Creating a sacred concert experience takes an extraordinary commitment of time and resources. Many general items should be considered even before selecting music:

  • Scheduling
    • When could a performance date fit with our church’s calendar?
    • What is the rehearsal schedule?
  • Performance venue
    • Should we perform in our sanctuary or large gathering space on campus?
    • Is it more effective to perform in a local performance hall?
  • Performing forces
    • Are my choral forces adequate for a positive performing experience?
    • Is this an opportunity to invite new singers to join for this performance?
  • Budget
    • Scores, parts, hiring instrumentalists, venue rental, instrument/equipment rental, marketing, publicity, design/printing programs, transportation — all anticipated costs need to be addressed in advance
    • Does funding come from the church’s budget, special contributions, dues, ticket sales, or a combination of these?
  • Cooperation with the church’s overall vision
    • Does the church leadership agree with you that this is the type of project that helps your church carry on it’s mission?

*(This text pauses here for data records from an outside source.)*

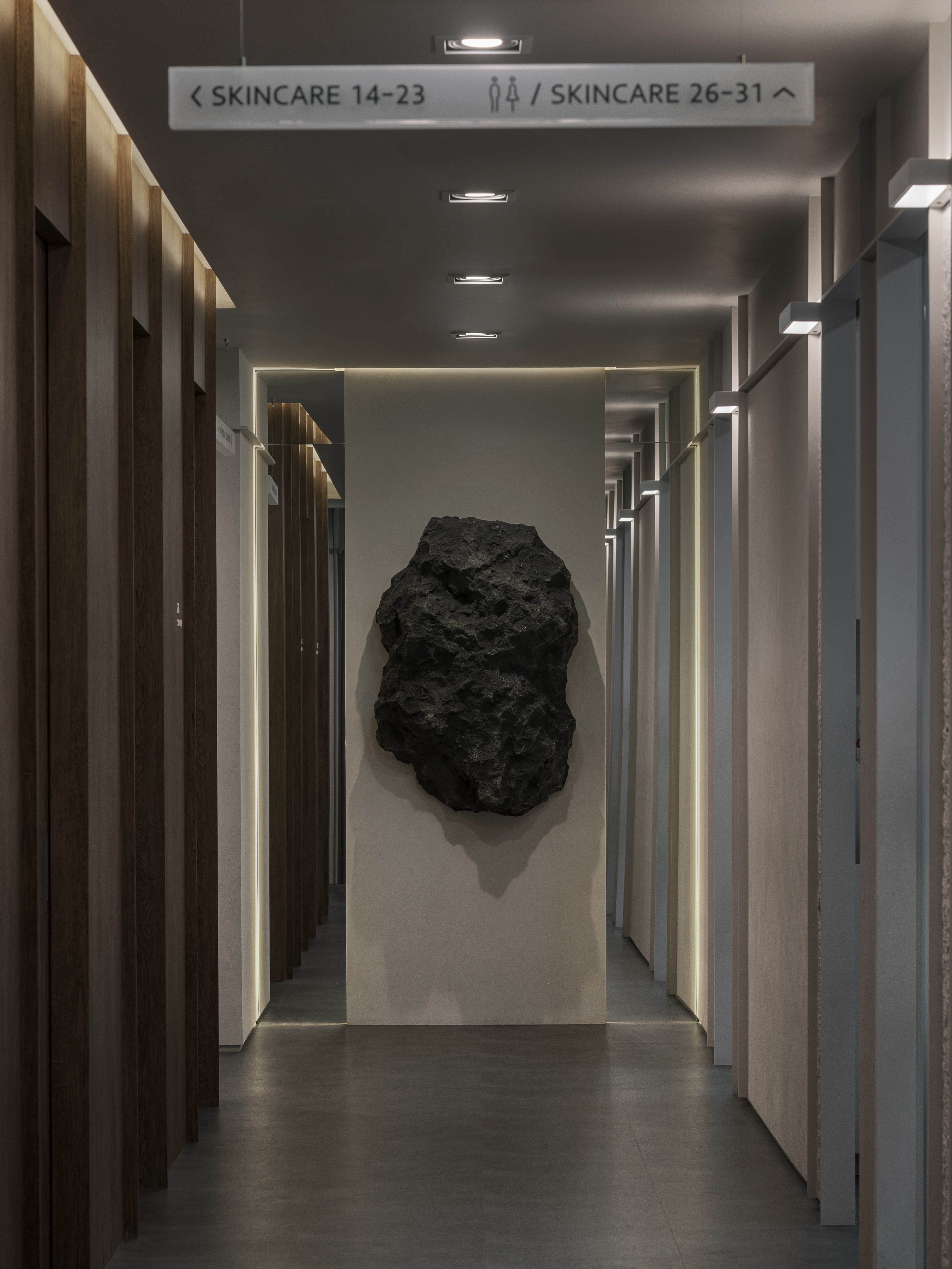 곡선과 직선이 자연스러운 대화를 이루고, 매스와 면의 비례는 과하지 않게 공간의 성격을 정리하며, 여백은 한옥의 ‘쉼’과 같은 역할을 수행한다. 그 결과, 공간은 시술을 위한 장소를 넘어 방문객이 스스로의 내면을 정돈하고 차분함을 회복하는 조용한 미감의 경험 공간으로 완성된다.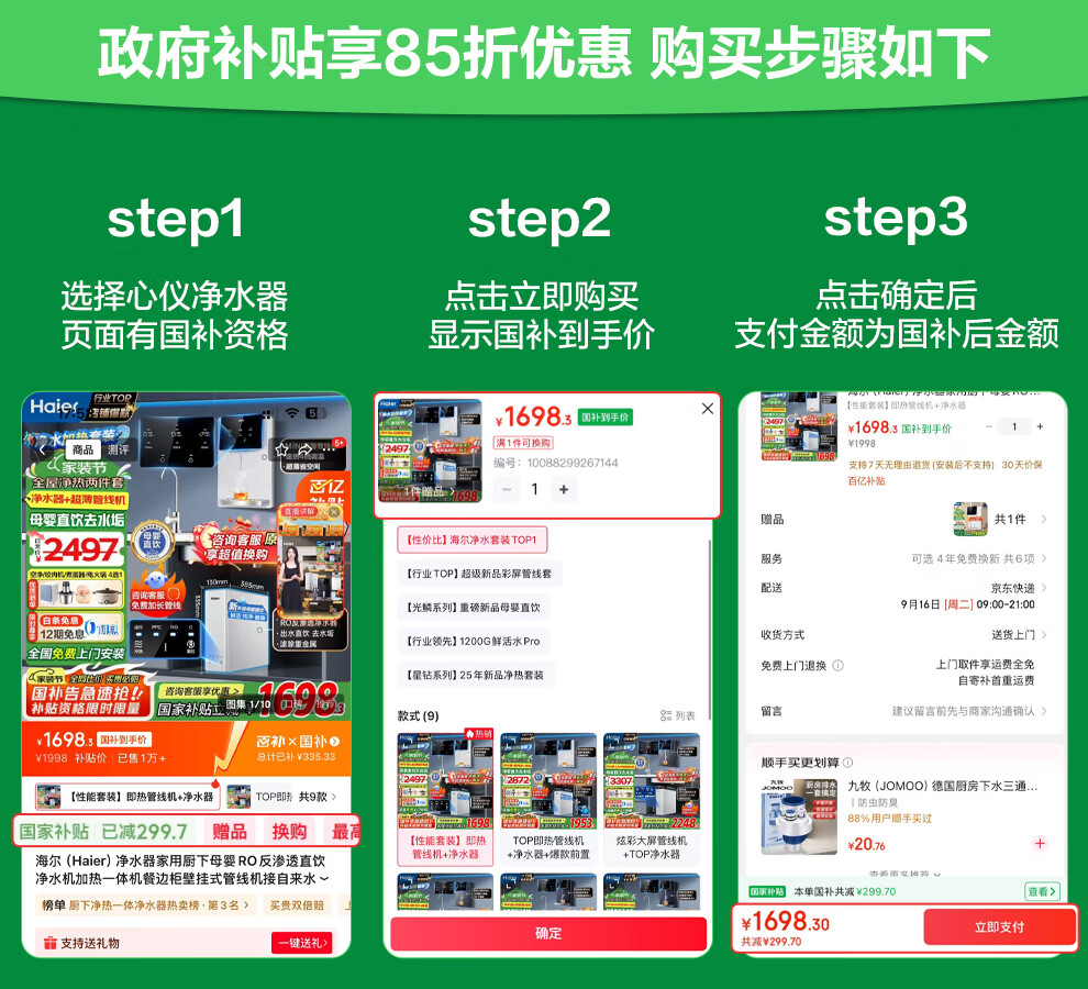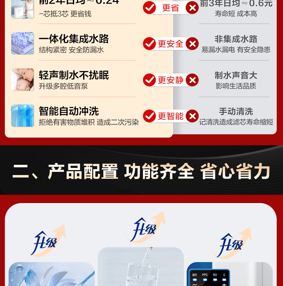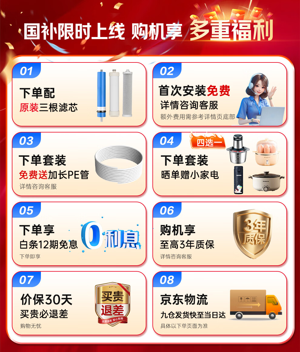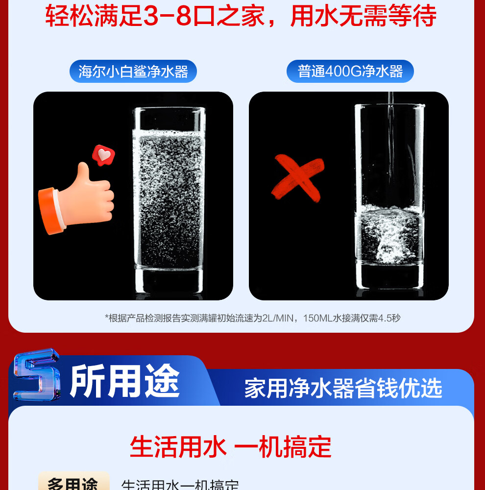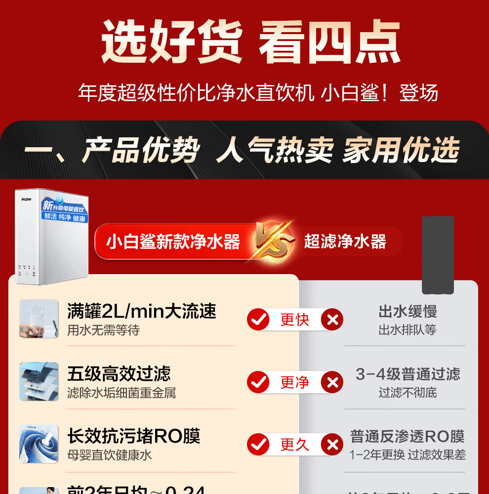 海尔(Haier)净水器家用厨下母婴RO反渗透直饮净水机加热一体机餐边柜壁挂式管线机接自来水全屋前置过滤器套装 【性能套装】即热管线机+净水器
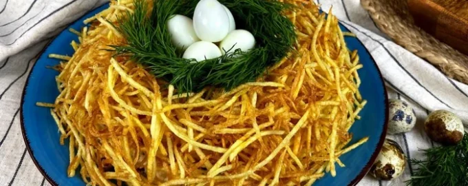 Tento krásný a chutný salát se skvěle hodí na slavnostní stůl. Originální salát „Tetřeví hnízdo“ nebo „Křepelčí hnízdo“
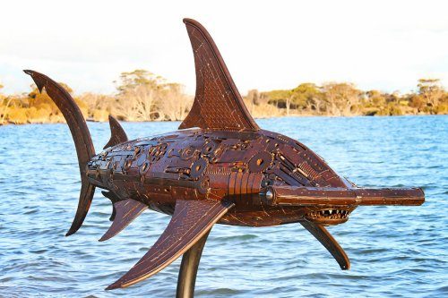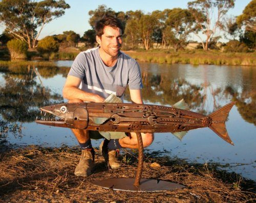 Художник из небольшого западноавстралийского городка Нерембин (Narembeen) использует переработанный металл, который находит в старых механизмах и на свалках металлолома.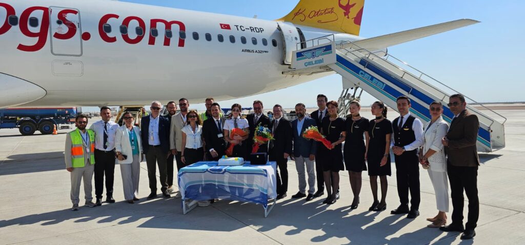 Törene Pegasus ve Çelebi’den çok sayıda çalışan katıldı. Törende hatıra fotoğrafları ve pasta kesimi gerçekleştirildi. Ayrıca uçuş ekibine çiçekler takdim edildi.
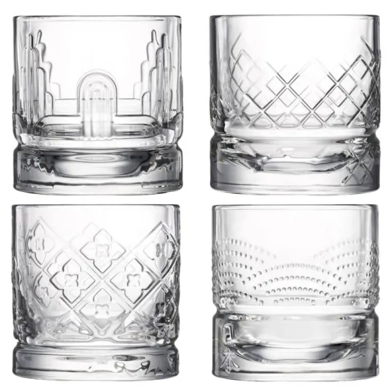 Whiskyglass Dandy 4 stk fra franske La Rochere. Glasset har en sterk base som går over i arkitektoniske mønstre som gir fint lys til whiskyen. Rommer 30 cl. Dandy-serien er designet av Studio La Racine og har fire symbolske mønstre som skaper lyseffekter og forsterker nyansene til whisky. De fire glassene kommer i en gaveeske – ett av hvert av de fire mønsterne.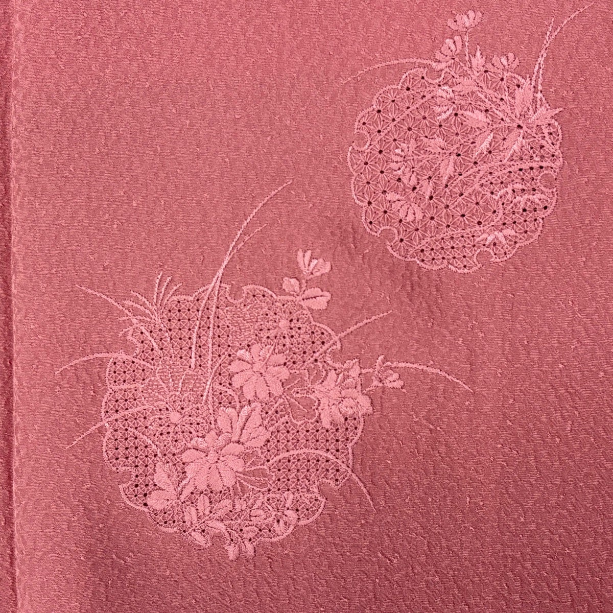 付け下げは訪問着を簡略化した訪問着より格が低くで小紋より格の高いの着物です。 特徴としては仕立て方の違いから訪問着などの一度真っさらな反物を着物の形に仮仕立てした後に柄付けをする絵羽模様とは違い、反物の状態で着用した時に柄付けが全て上を向くように書く事により左右の身頃や肩から袖にかけての模様が繋がっていない事です。 付け下げの歴史は他の着物に比べ浅く、戦時下に華美な訪問着が禁止された事で生まれた着物で、その後訪問着に比べ比較的安価で、それでいて着用シーンも訪問着とほぼ変わらないため大変好評になり、付け下げ訪問着と呼ばれる華やかな柄付けのものも考案された事により普及していきました。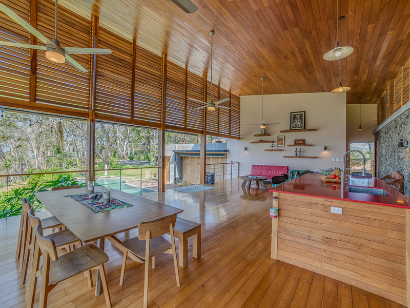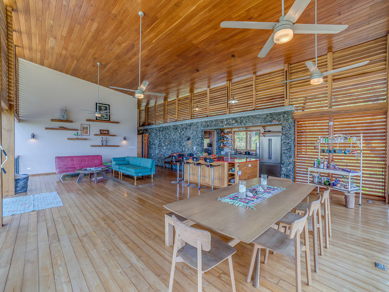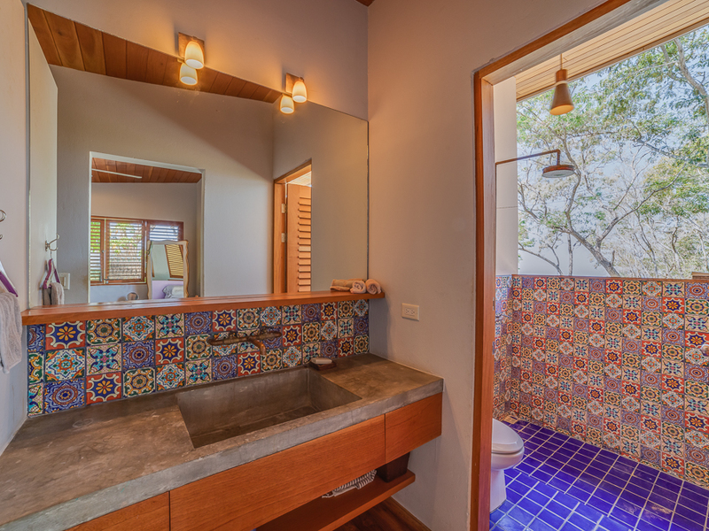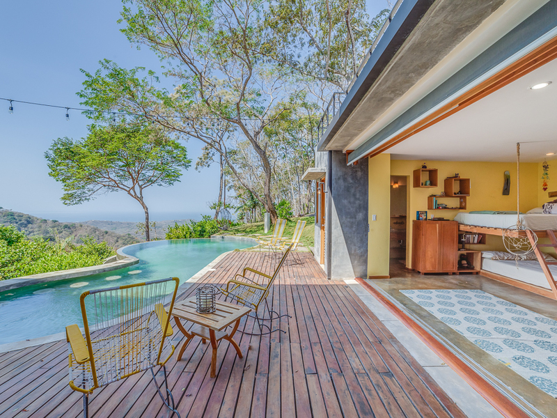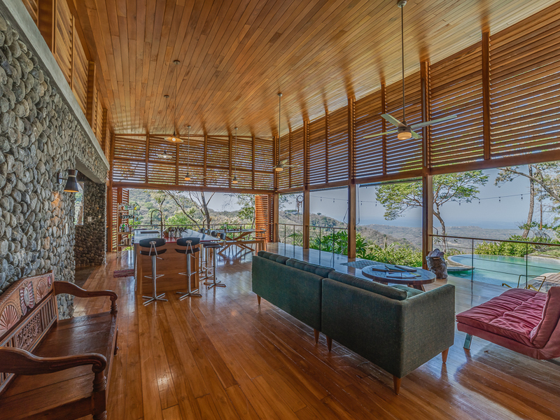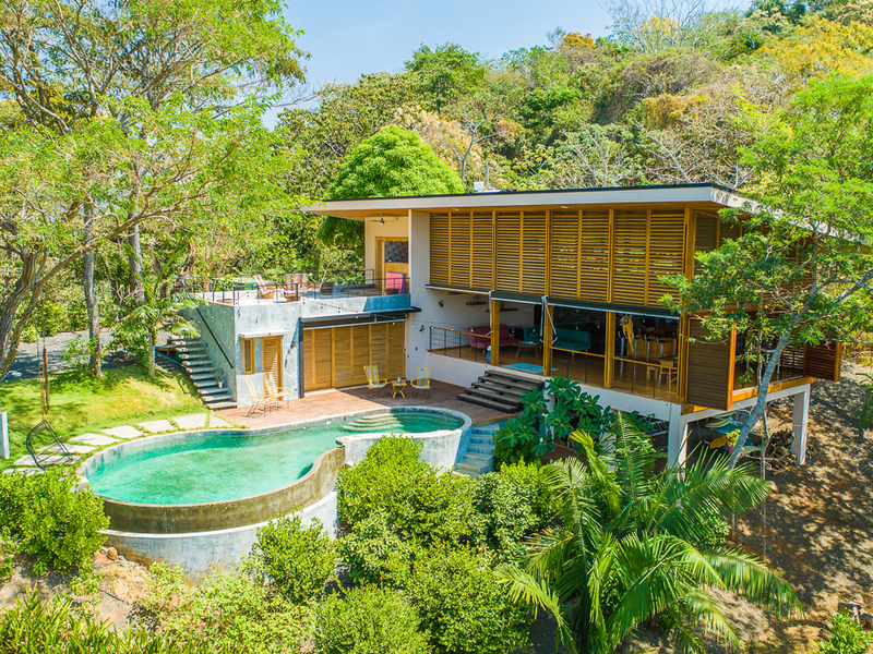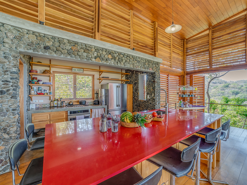 Imagine yourself relaxing by the pool or on your own large second story deck above the jungle looking out over the Pacific Ocean. Casa Libertad is a recent Salagnac Arquitectos design by Lucca Spendlingwimmer who has recently built his own personal home in the Bosque Verde neighborhood. The home is set up for the current owners to home school their four children in the school room you see in the photography. The master sweet is upstairs and boosts a huge outdoor "adult" patio that stretches out the extent of the L - Shape of the home with views of the San Juan Mountains to the east and the Pacific Ocean to the west. The well appointed kitchen is open to the expansive outdoor space with a large infinity edged pool for entertaining. The yard is large and flat on the top terrace and extends to the south in to the jungle below with an incredible amount of buffer and privacy from your neighbors.

Discerning What to Perform

Then comes the fun work of deciding the perfect repertoire using the following considerations. These are questions that only you can answer and they reflect a sensitivity to the subjective feelings that you have as a music director:

  • Text
    • Language, seasonal liturgy, poetry, scripture
  • Composer
    • Modern or historical; familiar or obscure
    • What composer seems to have the organic voice of your ensemble? There should be an artistic connection where your ensemble feels a sense of intrinsic understanding of a composer’s output.
  • Orchestration
    • Take a good, honest inventory of your conducting tools and make sure you have found a piece of music with which you will have artistic fulfillment.
    • Think carefully about the orchestral balance, timbre, and tone; and their combination with your voices in your performance space. Every orchestrated sacred work sounds somewhat different in every space.
  • Duration
    • What will feel complete? Not so long that it is burdensome, not so brief that you feel unfulfilled
  • Musically/Artistically feasible
    • Is your group set up and completely prepared to experience success as they encounter this music? The full experience from the first rehearsal to the end of the performance is a journey that should stretch — but not break — your ensemble as an artistic body.

Conclusion

To lift up the highest priority of the church, we need to place more energy in our musical artistry. Through experiencing concert performances of great sacred music, congregations, choirs, and all leaders in your church have the opportunity to focus their attention on the glorious gift of music. Performance outside the liturgical practice of the church helps us musically engage in worship more effectively.